Tuesday, March 28, 2017

Taboo From The Very Beginning

[Posted January 5, 2016]

INFERTILITY!!!!!

This word haunts me every day and I feel very vulnerable sharing it. A wise woman told me not to be quiet about it, share it, and know you’re not alone. But I figure I can wait until I make a baby announcement and then talk about how I struggled. Struggled with thoughts of feeling inadequate as a woman/wife because I am unable to conceive.

First reaction I get from folks are:
- Have you seen a doctor? Did they do blood work? Did you try fertility treatments?
- Have you tried acupuncture?
- Are you gluten intolerant?
- Have you thought about adoption?
- Have you thought about IVF or IUI?
- Don’t think about it and relax!
- You should try charting every single day!
- There’s this app, here’s this article, there’s this doctor, take this, take that, take a picture of your uterus, here’s a picture of mine….and on and on

To those who already knew this about me, thank you for the advice, prayers and encouraging words. I’m grateful by all of your expressions of love and advice.

To those who didn’t know, and are curious, I did in fact try 90% of those things. Anything less than $1,000 I have tried thus far. I’m not looking for extra tidbits of knowledge and what other tactics to do, in fact, I’m kind of over it.

This 2 year journey, 7 if we want to be technical with it, has illuminated my eyes in seeing how sovereign my God, Jesus the Christ, is. I have drawn closer to Him as a result of this and discovering strongholds in my life that has grown my marriage and spiritual relationship with the Lord. Every month I pray, “Lord, I’d rather be here in your perfect will than anywhere else; babies or no babies.” But it’s hard Y’ALL. However, my prayer life is stronger, strongholds have been broken and God still sits on His throne.

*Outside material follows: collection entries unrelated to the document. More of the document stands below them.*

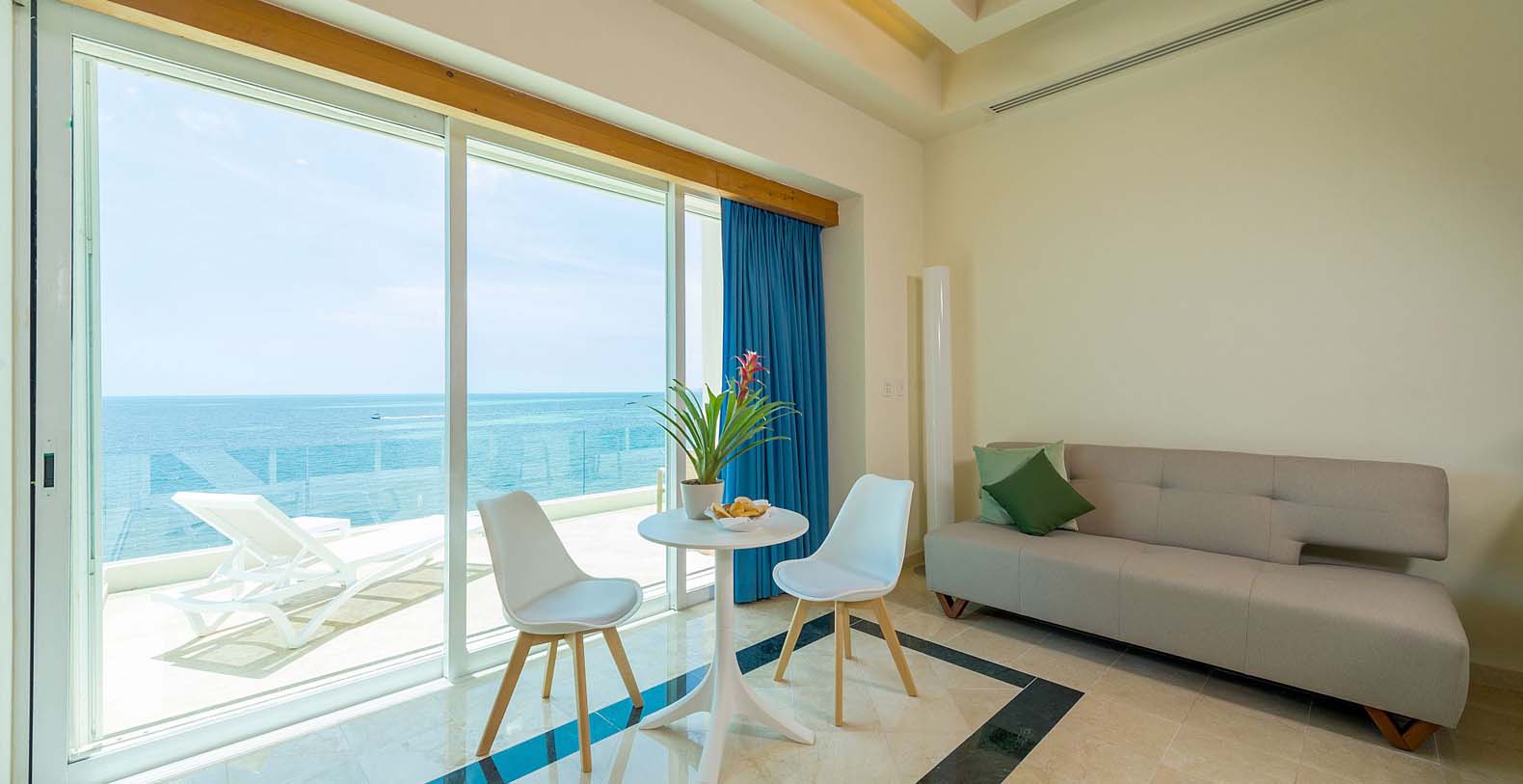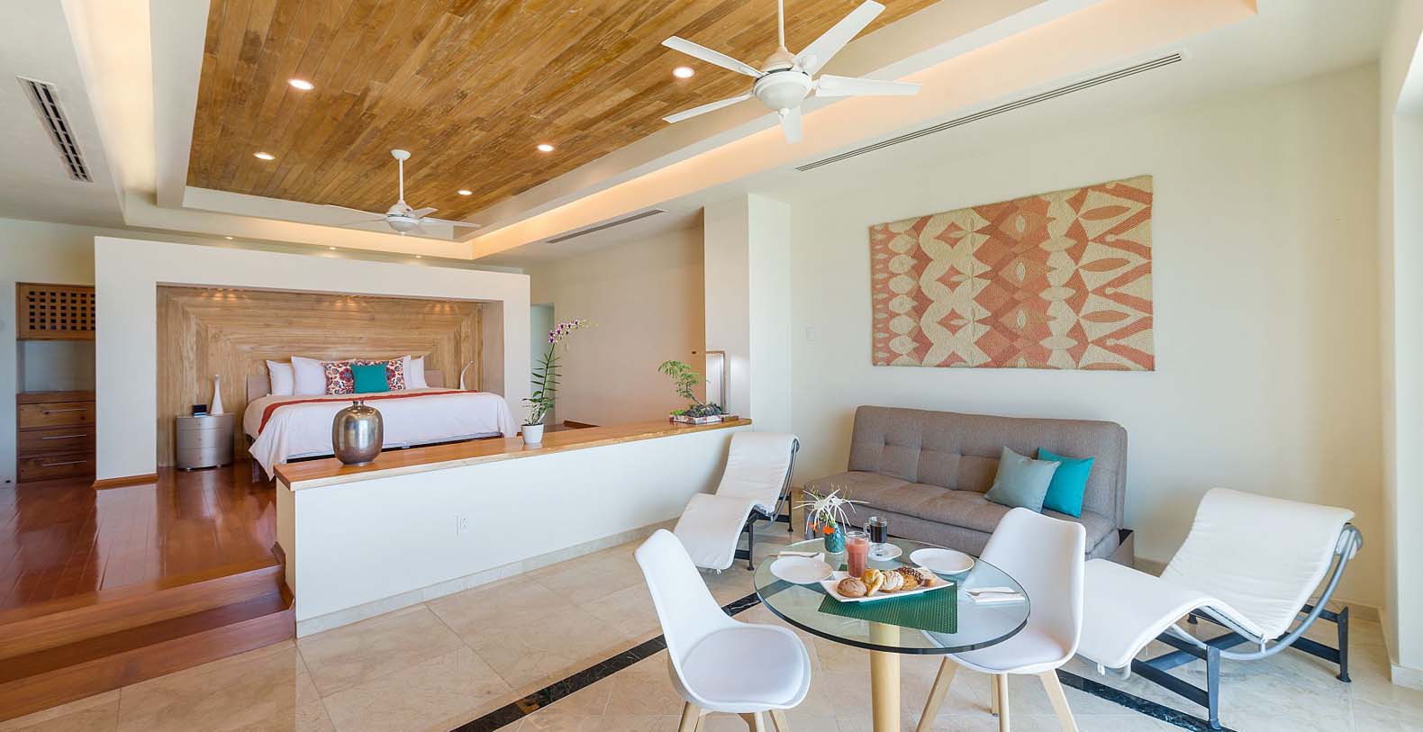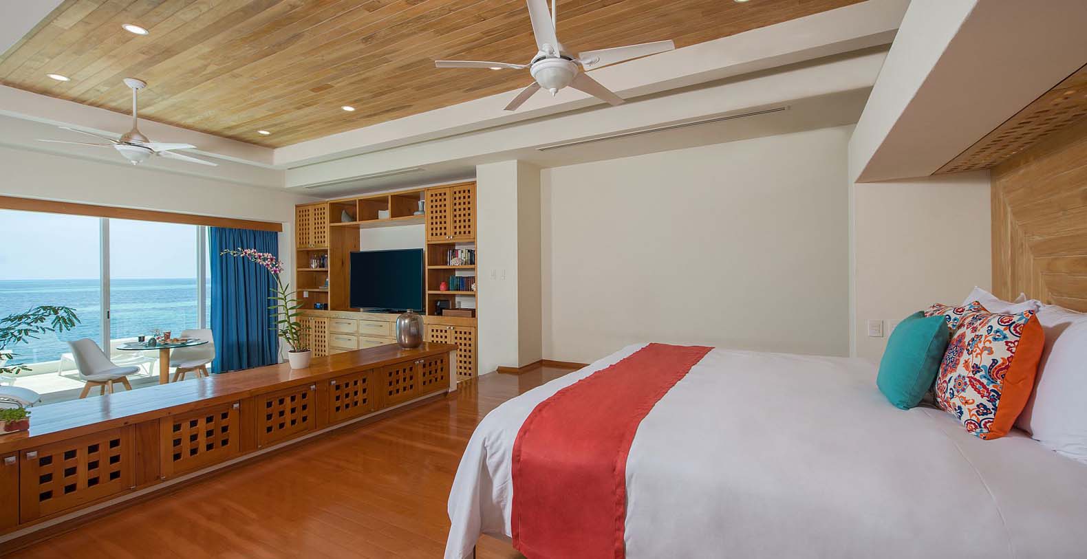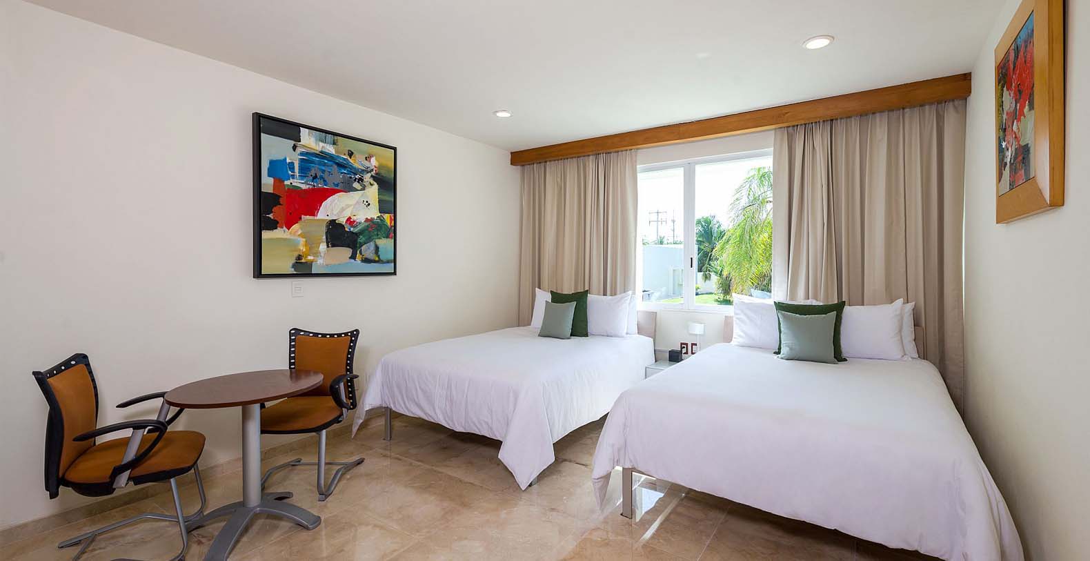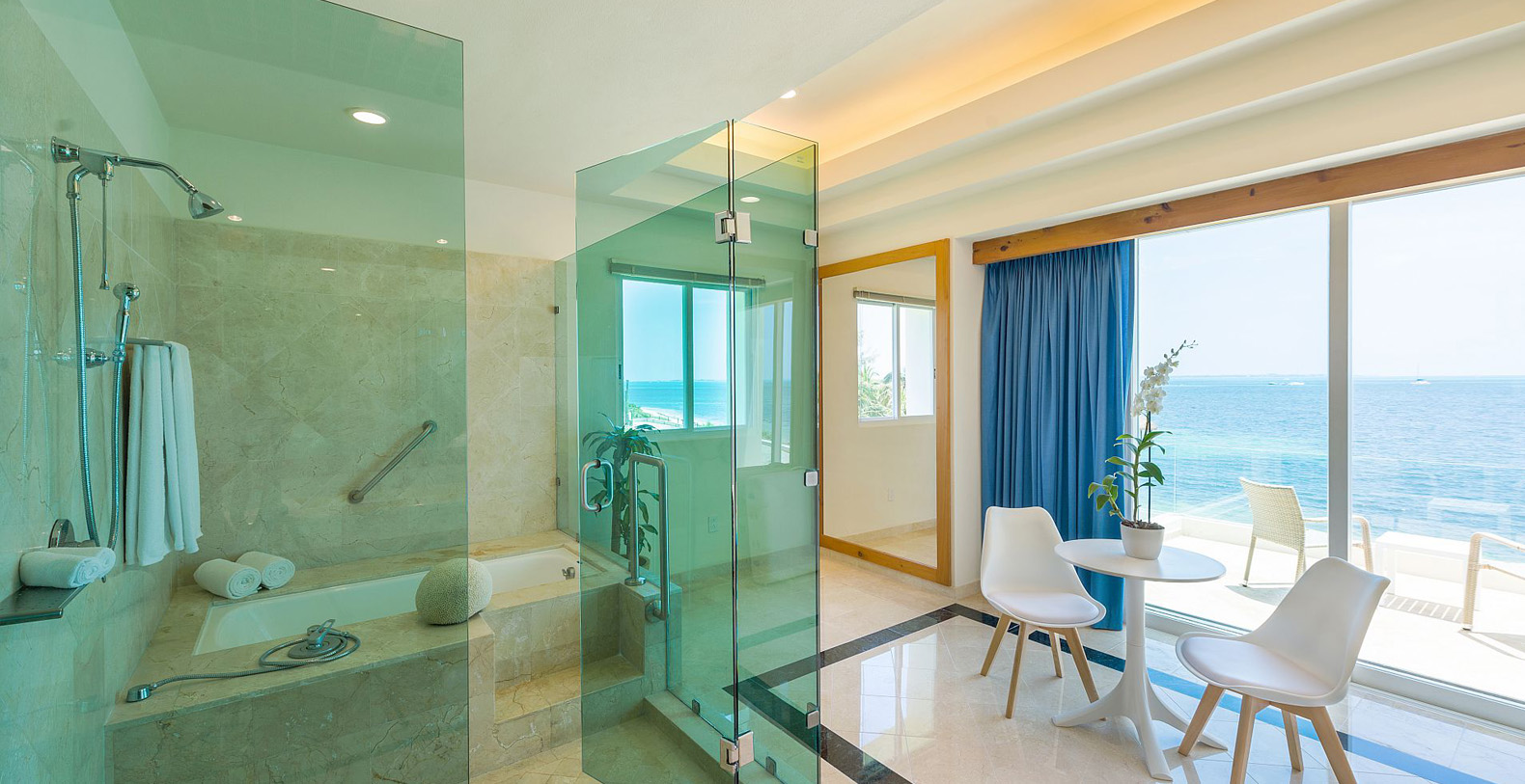 Villa Punta Sam has 5 spacious and comfortable bedrooms with the capacity to host up to 15 guests, 10 adults and 5 minors. On the second floor, the Arrecife Master Suite with a king size bed, a very spacious bathroom, and a private terrace. The two Junior Suites Cielo and Mangle with queen size beds, share a terrace and each give you the opportunity to enjoy a bath in a tub overlooking the ocean. On the first floor, the Master Suite Mar with a king size bed grants you the freedom to take a step towards the garden, the pool and the Caribbean Sea whenever you want. The Arena Double Room with two double beds and a view of the front garden, is ideal for teenagers because it is also designed as the game room, here you will find the Xbox.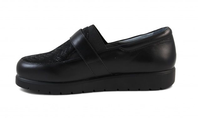 Полуботинок снабжен несколько большей чем обычно уплотненной задней частью, сформированной из термопласта. Она позволяет надежно фиксировать пяточную область в естественном положении, к тому же задник держит форму достаточно долгое время. Изнутри ботинки достаточно широки, а вставка из трикотажа отлично растягивается, что позволяет добавить в обувь орто-стельку, индивидуально изготовленную.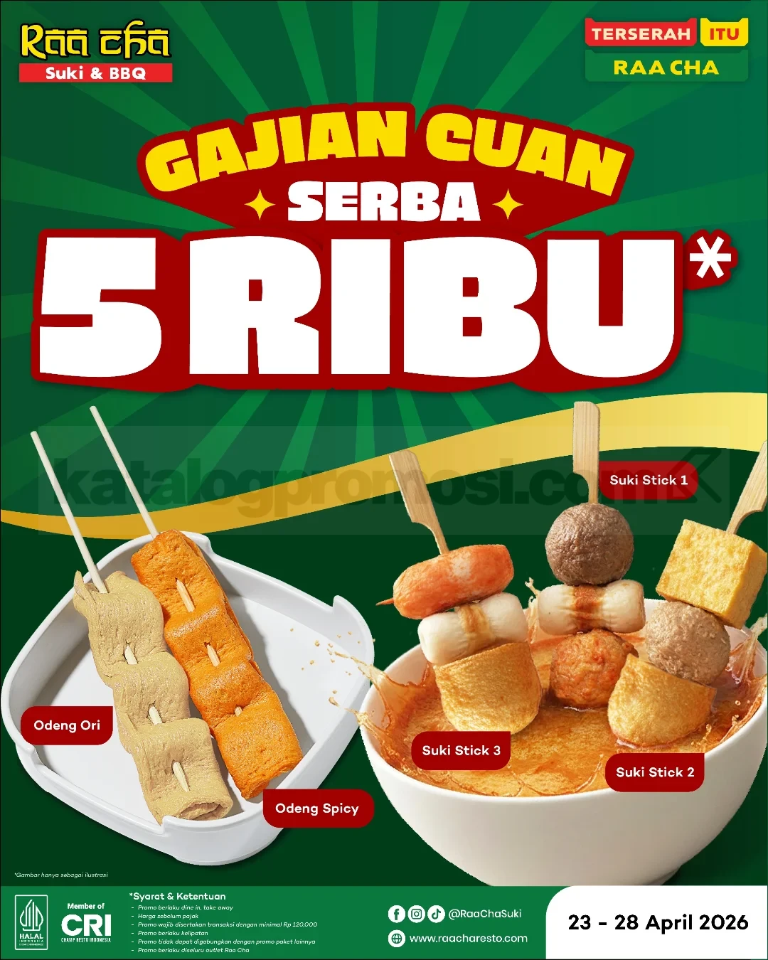 Promo RaaCha Gajian Cuan Serba Rp. 5.000 berlaku tanggal 23 – 28 April 2026 selama periode program berlangsung di seluruh outlet RaaCha.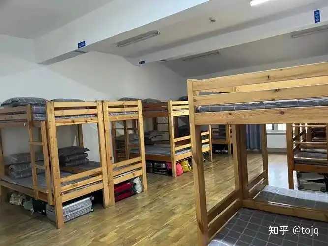 客观来说,东方绿舟基地的生活条件很差。学生住宿的场所称为“公寓”,每座公寓都会以不同国家的名字作为前缀,譬如“西班牙公寓”。公寓通常为两层,每层由几间寝室构成,每间寝室至少是四人寝,最多的据说达到二十八人寝,笔者当年军训时住的是十二人寝。寝室的床铺是架子床,分上下铺,由木质材料搭建而成(见下图)。寝室的总体环境较差,蚊虫较多,隔音效果差,床板较硬。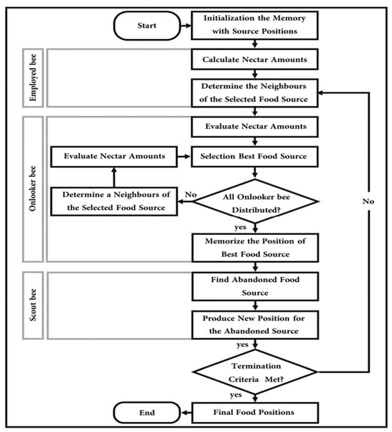 In the current study, we employed the Artificial Bee Colony (ABC) algorithm that was first proposed by Karaboga []. It mimics the collaborative and collective foraging behaviour of a bee colony. In the ABC algorithm, there are three different types of bees: scout bees, employed bees, and onlooker bees. Each type has a different role in the exploration and exploitation of food sources. A food source represents the solution to a problem, and better solutions belong to food sources with more nectar. The ABC algorithm works as follows: Initially, the scout bees are assigned randomly to the search space to find initial food sources. Then, the employed bees are sent out to exploit the places discovered by scout bees, with each employed bee assigned to one food source. After that, the employed bees start a neighbourhood search to find a better food source nearby. After finding a better food source, the employed bees leave all previous food sources and exploit only the better ones. These employed bees then return to the hive and share their information about discovered food sources with onlooker bees through what is called the waggle dance. The decision of whether the onlooker bees will follow the employed bees depends on the richness of the food sources. If the onlooker bees do decide to follow, they then become employed bees and repeat the procedure of the employed bees. After several iterations, the food source might be exhausted; at that point, the employed bees become scout bees and start searching randomly to find a new food source to replace the previous one. The flowchart of the ABC algorithm is illustrated in Figure 1 [].
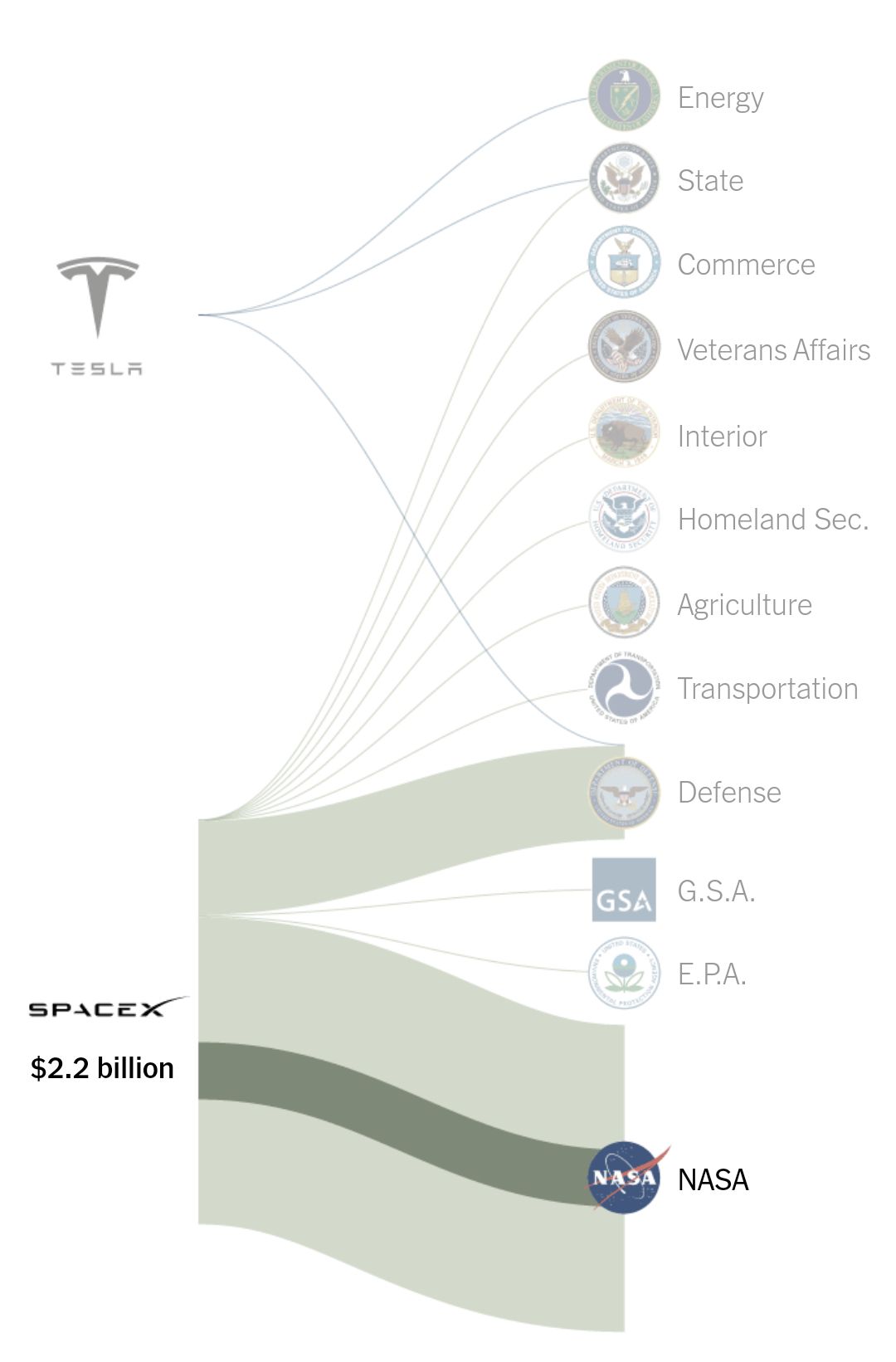 Elon Musk’s rocket company, SpaceX, effectively dictates NASA’s rocket launch schedule. The Defense Department relies on him to get most of its satellites to orbit. His companies were promised $3 billion across nearly 100 different contracts last year with 17 federal agencies.

If I were to have a word for 2015 and one for 2016 it would be ‘Revelational’ and ‘Trust’. This year Daniel and I will put more of our trust in God and know that His path is always greater than our own. (Proverbs 3:5-6)

So there, I said it. I am struggling with infertility. People know, you know, it’s real now. #whew #tmiTuesday #myinfertilitystory #GodIsSovereign

Mine...His...Ours

I had a plan!

After the baby shower, I had plans of booking the maternity shoot, sign up for baby prep classes at the hospital, register at the hospital, use the gift cards to purchase the remaining baby items, set up the nursery, finish this blog.....Tiffany had it together y'all. 

However, God had His own plans. My plans were cute up until the baby shower and the Lord said, "My turn!"

It was a crisp beautiful Wednesday morning as I went in for my regular check up and, long story short, I'm admitted to the hospital for a somewhat common, yet severe, pregnancy complication called preeclampsia. My blood pressures were in the stroke/seizure range and I had no external symptoms that would have me consider going to the hospital. 

Because of the ongoing pain of fibroids and gestational diabetes, I was right where I needed to be. I was admitted to the hospital March 1 and the hospital took excellent care of me. My job was so very gracious with me and my family provided unlimited support, especially Mr. Stephens (love you lovah).

On March 20, I was induced for labor and ended up having to get a c-section due to complications of being induced. At 11:24 pm, our hoped for child, Marlise Jenelle Stephens arrived: 


An excerpt from my journal during my time at the hospital reads:

"My hopes and expectations can no longer be put over what He wants. God has a significant plan for her [Marlise's] life and I CAN NOT force mine on her. ...I will love her, fight for her and surrender her to her heavenly Father's will beyond what "plan" I ever had for her."

During my 20 day stint at the hospital, the Lord showed me that the "plans" that I had for Marlise are always best served when surrendered to Him. From my infertility journey to her early arrival, all the plans I had in between turned completely upside down for a testimony of encouragement to myself and to share with the world. 

I believe this experience is a precursor of what's to come in all aspects of my life. I believe that if I just let go and let God His plan will supersede mine in every perfect way possible.

Thank you all again for your prayers and support. Marlise is in the NICU and would appreciate more of them. She is doing very well and is taken well care of. We are excited to bring her home (when the Lord allows ☺).


I still plan on posting the remaining entries I had for this blog, consider this one an intermission.